§ **Task directions**: The lines to extract run from the start of the records through the line with "4 Split warm", both ends included; drop the pictures.

+++

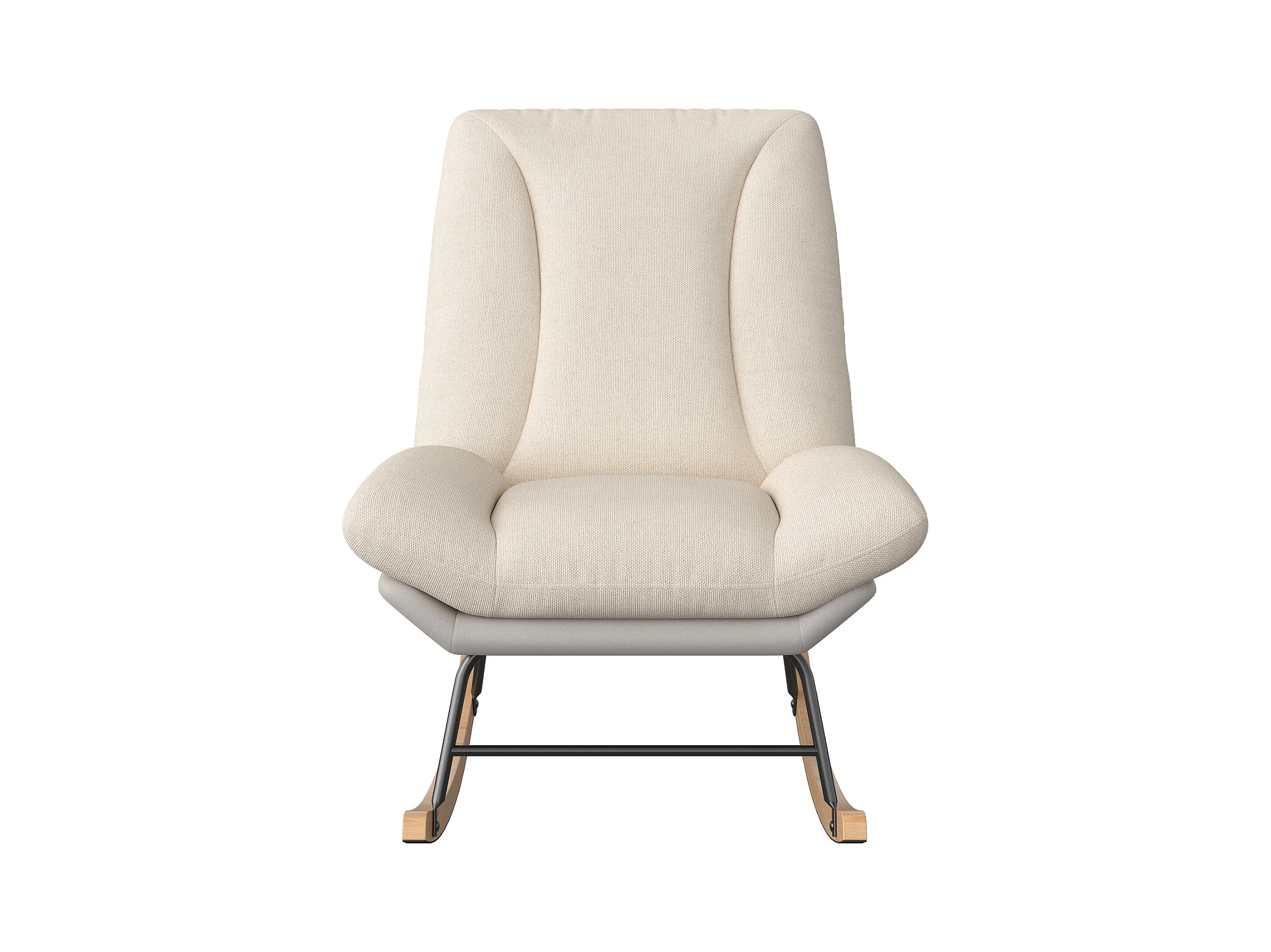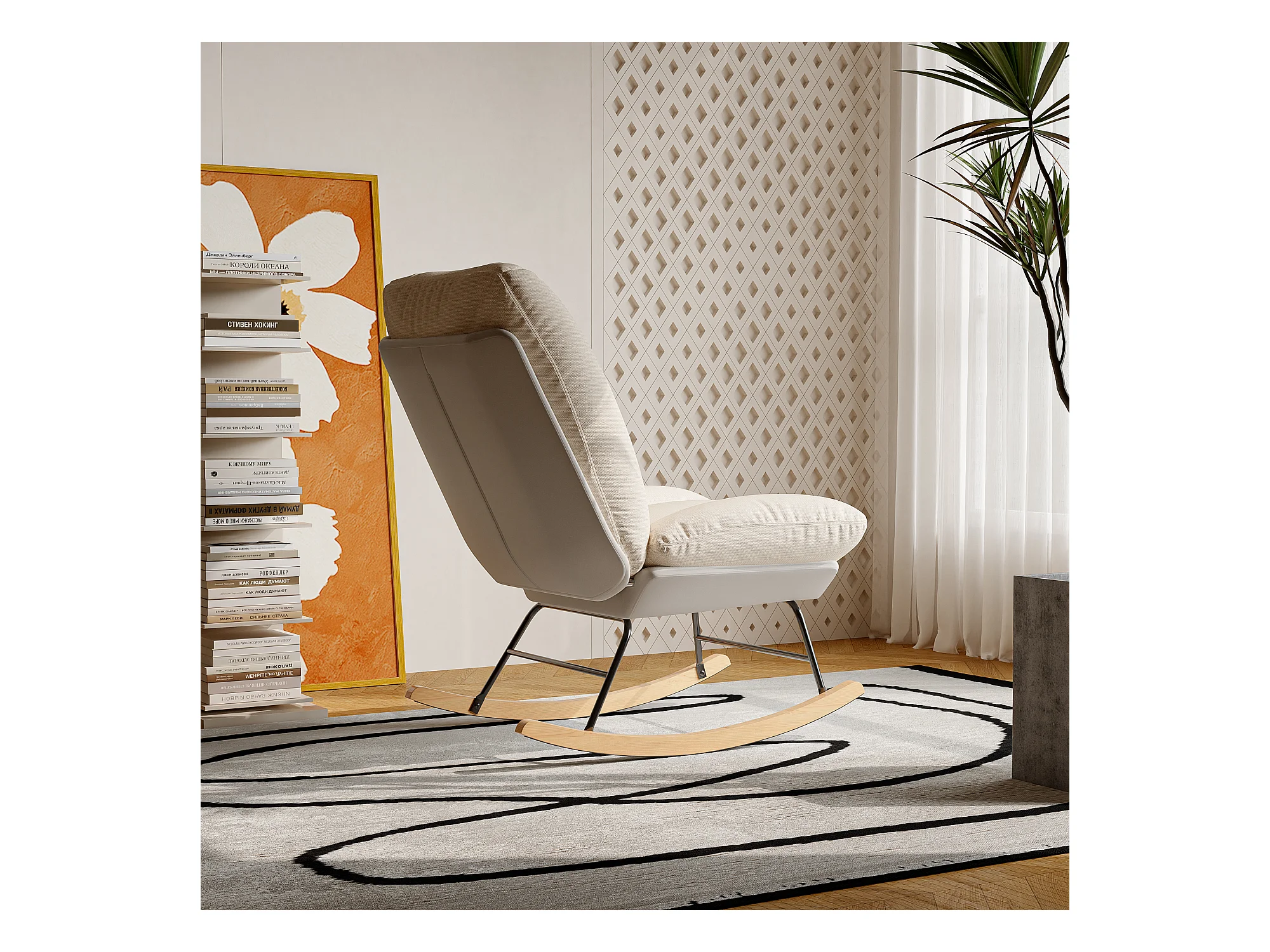 Fauteuil à bascule moderne en tissu effet laine teddy avec pieds en bois d'hévéa massif, beige
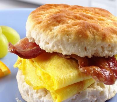 4 Split warm biscuits horizontally; place on 4 individual serving plates. Cut eggs into 4 wedges. Place eggs and bacon on bottom halves of biscuits. Cover with top halves of biscuits.
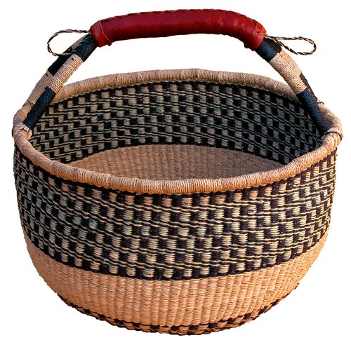 All these baskets are hand-woven by villagers in Africa using natural, locally available materials. By purchasing these baskets, you are helping to support many families of weavers. Large (15″-17″ diameter), strong, durable, colorful and every one is unique, being entirely hand-made. While size will be in the 15-17″ range, colors and patterns will vary as each basket is individually created. The picture shown is a reference for the basic style of the basket. Each is a unique design and will depend on the village and materials available. When this basket is delivered, it will be folded in a box. Use the following directions for reshaping it. Start by running warm water over the entire basket – you can even get the handle and tag wet. Allow the water to soak in and then shake off any excess water. Allowing the water to completely soak in makes the basket very pliable. Put the basket down on a flat surface, roll it around and set into the desired shape. Allow to air dry.
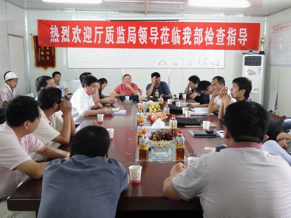 刘军首先主持召开质量安全检查布置会议,简要的介绍本次质量安全检查的内容和分工。项目经理王远胜向检查组一行就我部施工进度、质量、安全、环保、内业管理和目前施工存在的困难进行专门汇报。
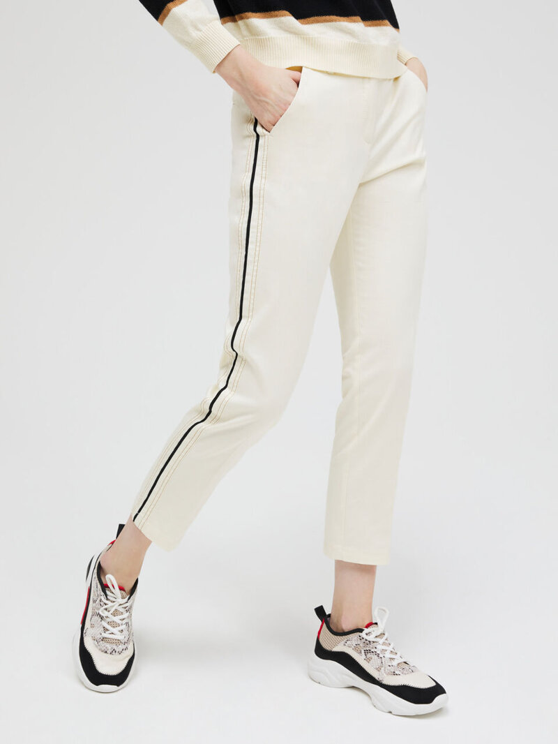 Pantaloni chino regular fit in cavallery di cotone elasticizzato, con dettaglio laterale di impunture con piping centrale. Disponibile in 2 colori.
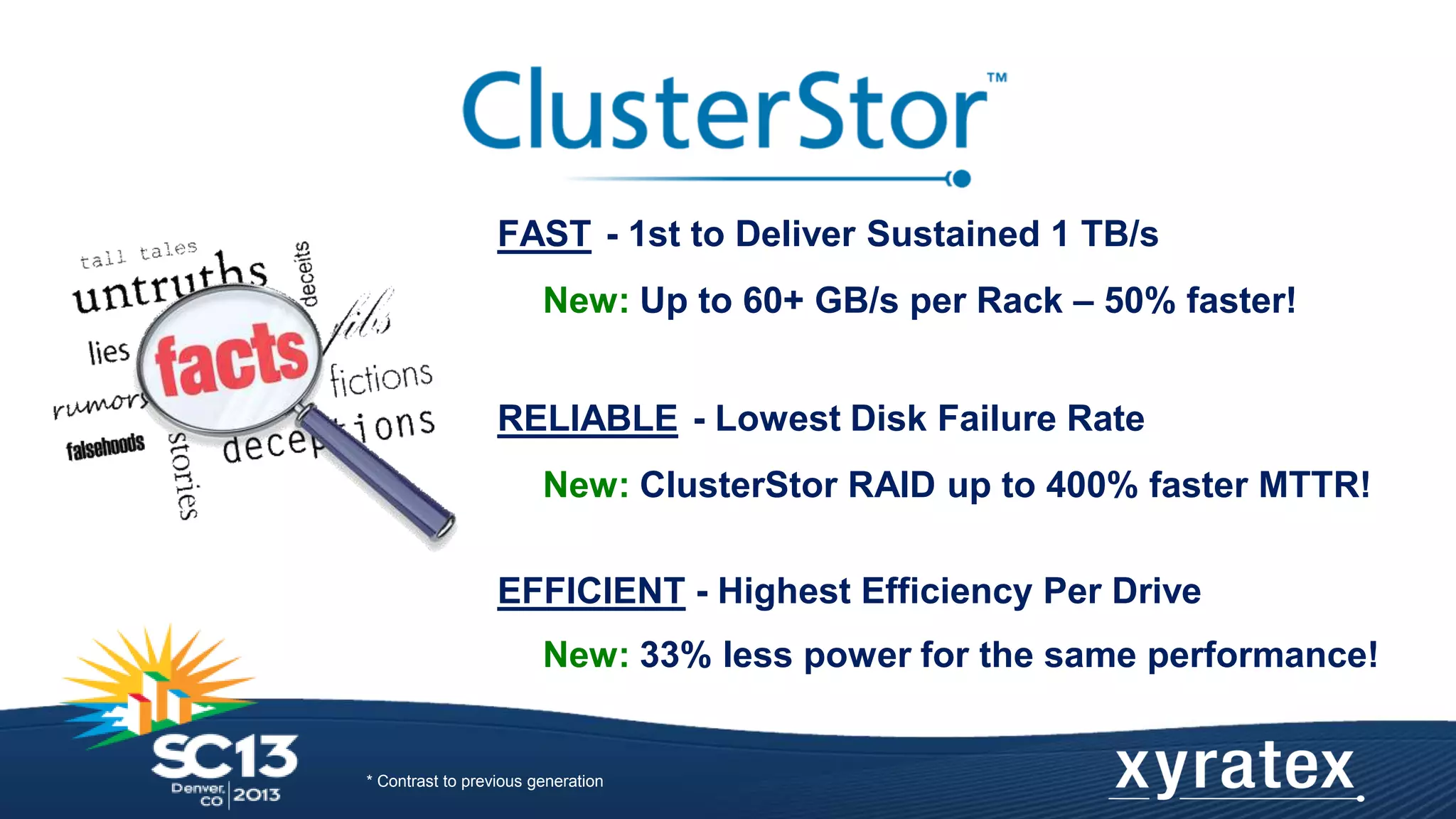 This document introduces new features of the ClusterStor 9000 storage solution that improve productivity for high-performance computing (HPC) and big data workloads. The key updates include a 50% performance increase over previous generations, new reliability features like ClusterStor RAID and T10 data integrity, and efficiency gains from technologies like flash acceleration and object storage consolidation. The ClusterStor 9000 is positioned as the engineered storage solution that delivers the fastest performance, most robust reliability, and highest efficiency to meet customer demands across industries like engineering, finance, and life sciences.
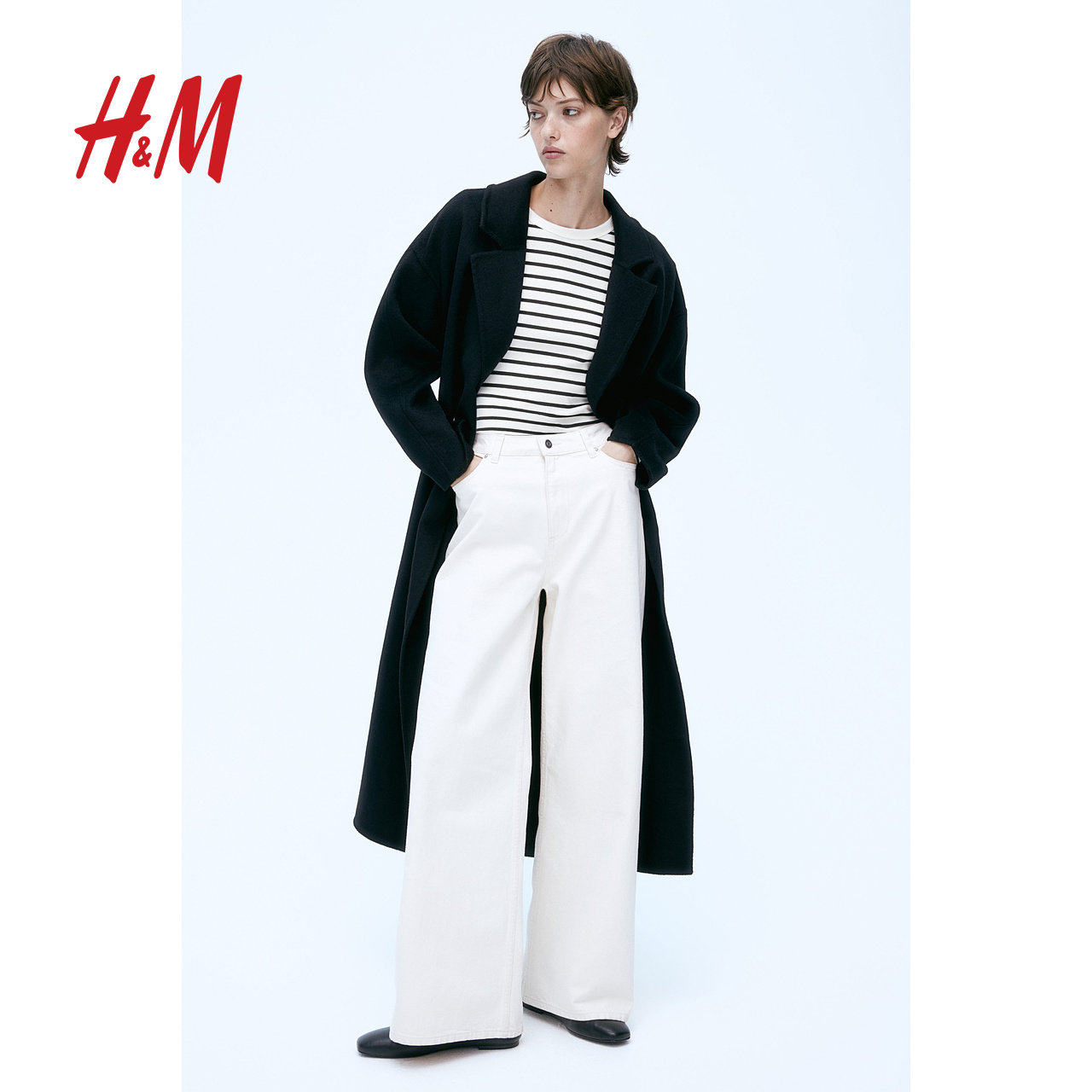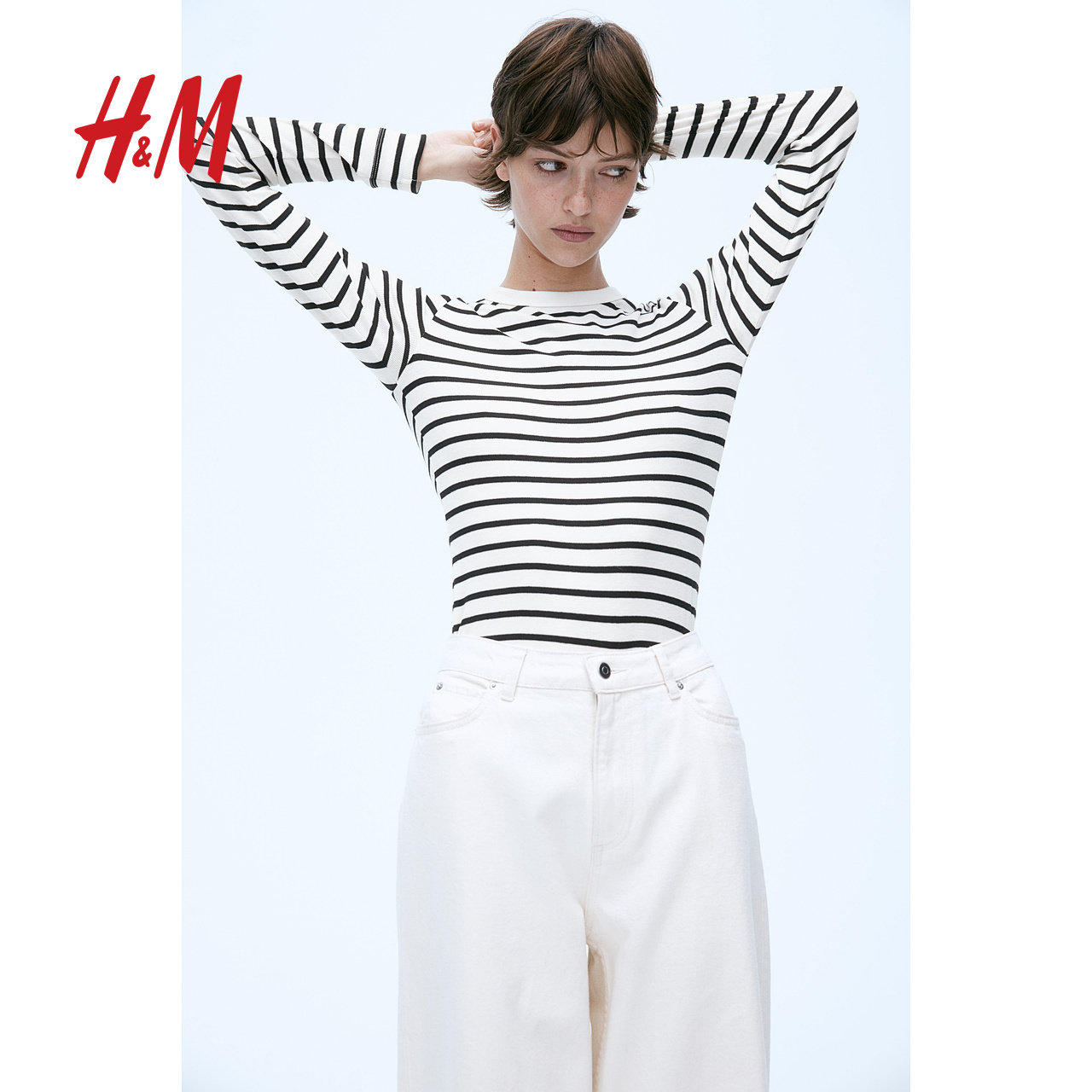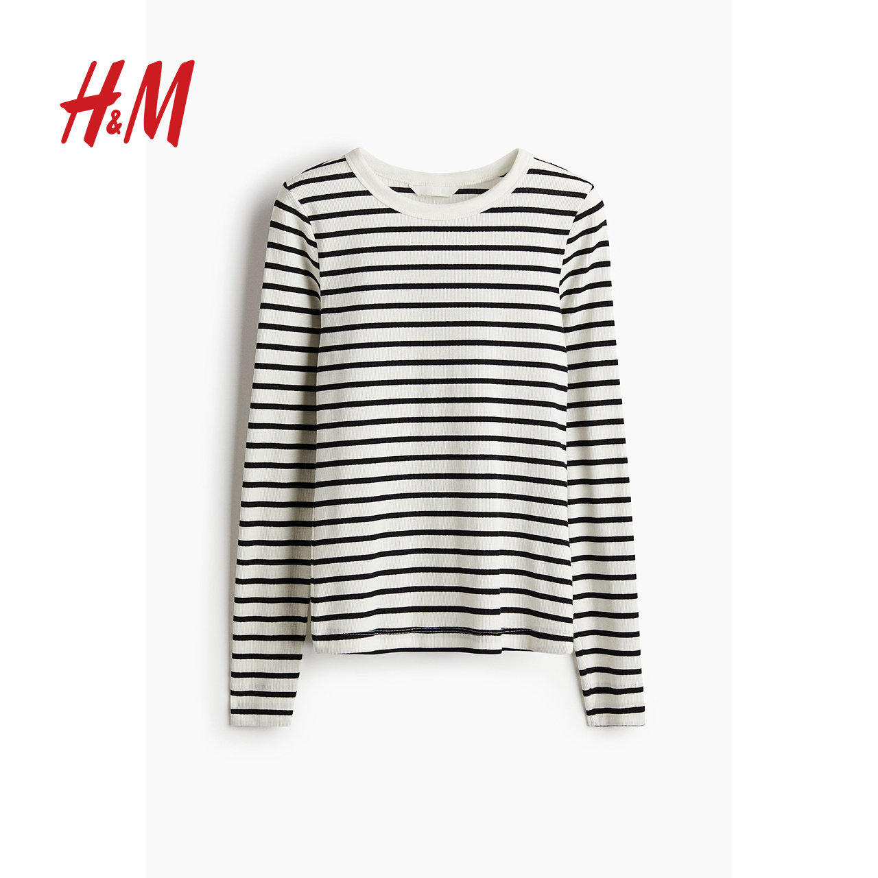 HM女装T恤春季打底衫简约条纹修身显瘦圆领长袖柔软上衣1203084

+++

§ **Task result**:
 Fauteuil à bascule moderne en tissu effet laine teddy avec pieds en bois d'hévéa massif, beige
 4 Split warm biscuits horizontally; place on 4 individual serving plates. Cut eggs into 4 wedges. Place eggs and bacon on bottom halves of biscuits. Cover with top halves of biscuits.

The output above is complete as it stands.